When I remembered this, my perspective changed. Those little people keeping me from my work were who all of this was for. Because God wants to give them good things too.
I focused just on what I could do each day to dismantle our busy house, and surprise, rediscovered that staying in the present brings peace. I also realized how therapeutic it can be to scrub out the molasses from the upper cupboard shelf and the melted popsicle in the bottom of the freezer. To sweep up the mess that’s been living under the couch since you last looked for the remote in 2017. I stopped dreading the amount of work and instead embraced things moving from the realm of chaos into order. I had watched the Konmarie show on Netflix like the rest of the world and really wanted to do what they were doing but I didn’t ever think I had the time. Well guess what a leak in your dishwasher will give you? FORCED Konmari-ing. Which ends up feeling pretty liberating.
On moving day, my husband took all the kids up north, and I worked with the movers all day to clean out everything (everything?) even the pantry shelves. As a food writer and blogger I am quite devoted to these pantry shelves, and I often write about the benefits of a well-stocked pantry for easy meal planning. There are no benefits to a well-stocked pantry when it comes to moving, however.
As much as I resisted having to do it, when it was happening there was such a sense of relief that these messes were leaving us, being dealt with, that they would be replaced with order and calm. When we move back in at the end of July, there will be shiny floors and a bright kitchen. As I was cleaning, I had this nagging feeling that God wanted this all for us even if I didn’t want it myself right now. And not just the shiny kitchen. He wanted me to be forced to clean up the messes. And while I’m sure there’s a metaphor there about how he wants to do this to our souls, to scour out grime and filth and leave beauty and order, I had the distinct sense that he wanted this for our physical space too.

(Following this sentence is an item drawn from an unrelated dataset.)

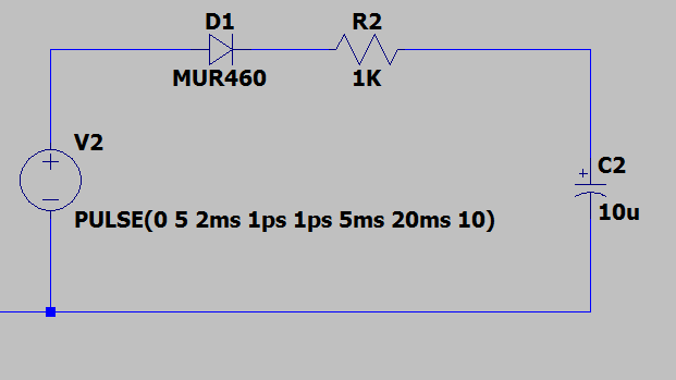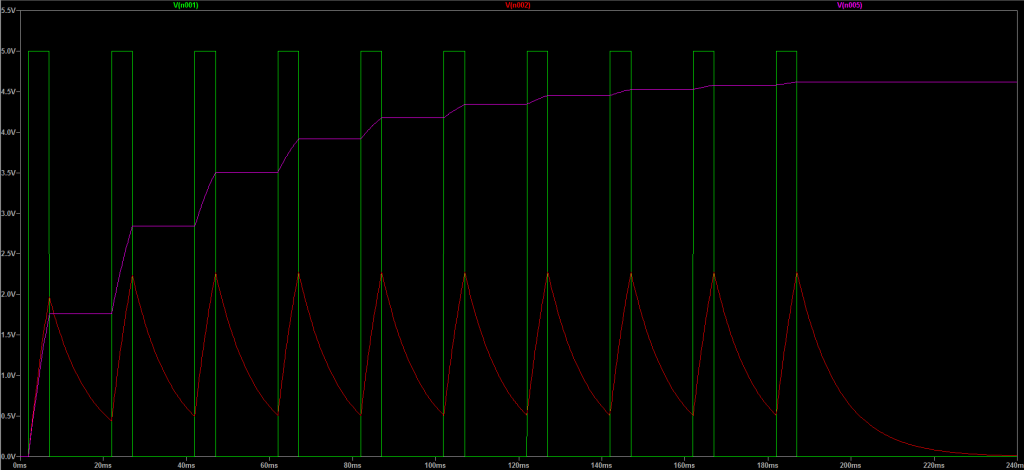 Violetto: con diodo: la caduta di tensione del diodo si fa notare a primo ciclo, ma si vede anche che, una volta acquisita una tensione, il condensatore non si scarica e al successivo impulso si riparte da lì. Inoltre, quando gli impulsi smettono, mantiene la tensione raggiunta; al contario, il condensatore senza diodo si scarica fino a zero. In questo esempio ipotetico, è ciò che volevamo ottenere.
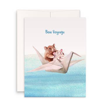 Front: Pasta La Vista, Baby! Inside: Blank. Perfect for: Goodbye, Moving and Retirement. Details: A2 (4.25" x 5.5") card. Printed on thick uncoated, recycled card stock. Paired with a 100% recycled A2 peel and press grocery bag kraft envelope. Packaged in a cellophane sleeve. Tiny Gang Designs logo on the back. All cards are housed in a clear cello sleeve to keep them safe until you're ready to sign, seal and deliver, doll!

After almost 10 hours of hauling and cleaning and pitching, I pulled away from the empty rooms, and drove up to the lake house with six sleeping children and a husband holding a cold beer for me, my heart overflowing with gratitude for all these gifts he keeps giving us. I’ll return in a few weeks and help the movers put everything back, but in the meantime we’re enjoying slow summer time with each other, which God probably knew we needed too. And when I go back to set up the home he’s so generously given to us, he’ll be right there in the middle of all of it, and I’ll keep telling him thank you.